Milliseconds time windows can be the key to how we hear, study discoveries

What happens when you listen to the speech at a different speed? Neuroscientists thought your brain could also increase its treatment speed. But it turns out that at least the hearing part of the brain continues to “listen” or block at a fixed moment. This is the key conclusion of new research appearing in Nature neuroscience.

The Research Was Led by Sam Norman-Haignere, Ph.D., Assistant Professor of Biostatistes and Computational Biology, Biomedical Engineering, and Neuroscience at the Del Monte Institute for Neuroscience at the University of Rochester, in Collacration With Researchers at Columbia University, Including Main Investigator Nima Mesgarani, Ph.D., of the Zuckerman Institute, and Menoua Keshishian, Who Completed His Ph.D. in electrical engineering in his laboratory.

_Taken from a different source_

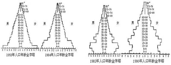 下图是我国1953年、1964年、1982年和1990年的人口年龄金字塔:
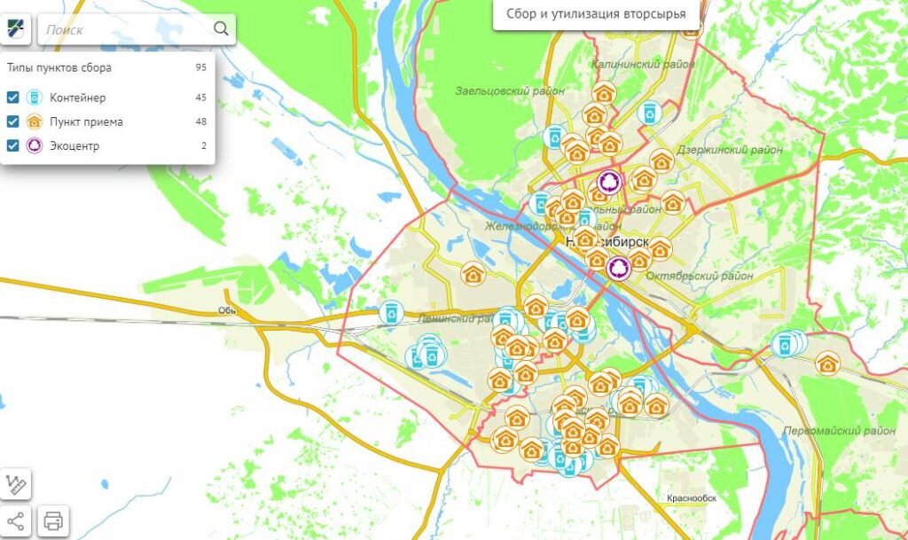 Интерактивную карту пунктов приема вторсырья создали в Новосибирске

“It was surprising. It turns out that when you slow down a word, the auditory cortex does not change the temporal window it deals with. It is as if the auditory cortex is integrating on this fixed time scale,” said Norman-Haignere, the first author of the study, who started study as a postdoctoral researcher in Columbia.

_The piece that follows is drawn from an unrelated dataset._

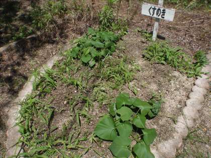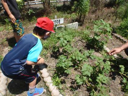 畑に行くと,どんどん大きくなっているさつまいもとじゃがいも。

“One of the key objectives of this type of research is to create better models for calculating how the brain processes information in speech, which will increase our set of scientific tools and will ultimately help us understand what is wrong when someone has trouble understanding the treatment of speech and language.”

The complexities of speech understanding and modeling

The auditory cortex, which consists of several layers and regions, is the brain area responsible for the processing and interpretation of sounds. Researchers know that there are several regions in the brain that treat speech – the main auditory cortex, the secondary auditory cortex and linguistic areas beyond the auditory cortex. A fundamental understanding of the functioning of each region and the hierarchy between and in these different regions is not well understood.

Understanding the complexities of the brain has been helped by the development of calculation models. These IT models use mathematical formulas or algorithms to understand and predict neural responses and human behavior.

The authors of this study used computer models to test if their research method would distinguish their two hypotheses: does the auditory cortex integrate information on vocal structures – for example, words – or time? It turned out that certain IT models have learned to integrate through vocal structures, unlike the auditory cortex. This observation was in part in part because it helped to validate the methods that the authors used to study the structure and time.

Access the human brain

Neuroscientists are generally limited in the types of neural data that they can record from the human brain. The electroencephalograms or EEGs offer researchers the electrical activity of the read brain of the scalp, which is far from the real cells that produce this activity. Functional MRIs measure blood flow in the brain, which is an indirect brain activity. The two tools have transformed our understanding of the function and disease of the human brain. However, no method is capable of recording the precise spatial and temporal neuronal activity.

Researchers have worked with patients with epilepsy of Nyu Langone Medical Center, Columbia University Irving Medical Center and the University of Rochester Medical Center to measure a precise neuronal activity of the interior of the human brain. They worked with patients admitted to hospital for epilepsy monitoring.

As part of their surveillance, the electrodes have been temporarily implanted inside their brain so that doctors can better determine the area of ​​the brain where their crises come. These electrodes measure the electrical responses right next to where the neurons are active, offering much higher precision than standard methods such as EEG and IRMF.

The recruited participants were responsible for listening to a passage from an audio book at normal speed, then they were played at the same time at a slower speed. The researchers thought they might see a change in the neuronal time window that varied with the speed of speech. However, the differences they observed were not at least, indicating that the fundamental treatment unit is physical time – for example, 100 milliseconds – and not vocal structures such as words.

“This observation calls into question the intuitive idea that the treatment of our brain should be attached to the structures of the speech we hear, like the syllables or the words,” said Mesgarani, the main study of the study and an associate professor of electrical engineering in Columbia. “Instead, we have shown that the hearing cortex works on a fixed and internal time scale, independent of the sound structure. This provides a systematically timed flow of information that the higher brain regions must then interpret to derive linguistic sense.”

“The better we understand the treatment of speech, the better we think we will be able to understand what causes deficits in speaking,” said Norman-Haignere. “One thing that is exciting in this work line is that there are many people who have studied hearing, and many people who have studied language, but your brain needs to transform sounds that reach your ear in words, sentences and sentences.

“So understanding how the brain goes from something more based on something more based on language and how to model this transformation, is an exciting space in which we work.”

The other researchers include Guy McKhann and Catherine Schevon of Columbia University, and Orrin Devinsku, Werner Doyle and Adeen Flinker, Nyu Langone Medical Center.